═════ Supplied data
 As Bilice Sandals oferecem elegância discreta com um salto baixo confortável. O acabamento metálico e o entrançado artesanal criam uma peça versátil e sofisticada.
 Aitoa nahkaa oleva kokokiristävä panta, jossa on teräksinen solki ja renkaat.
══════════
═════ Supplied data
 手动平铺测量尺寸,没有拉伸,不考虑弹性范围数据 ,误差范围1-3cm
══════════
(Task to complete): Take the stretch of lines above from the one containing "As Bilice Sandals" through the one containing "Aitoa nahkaa oleva" and repeat it exactly, adding no other line.

(Solution):
 As Bilice Sandals oferecem elegância discreta com um salto baixo confortável. O acabamento metálico e o entrançado artesanal criam uma peça versátil e sofisticada.
 Aitoa nahkaa oleva kokokiristävä panta, jossa on teräksinen solki ja renkaat.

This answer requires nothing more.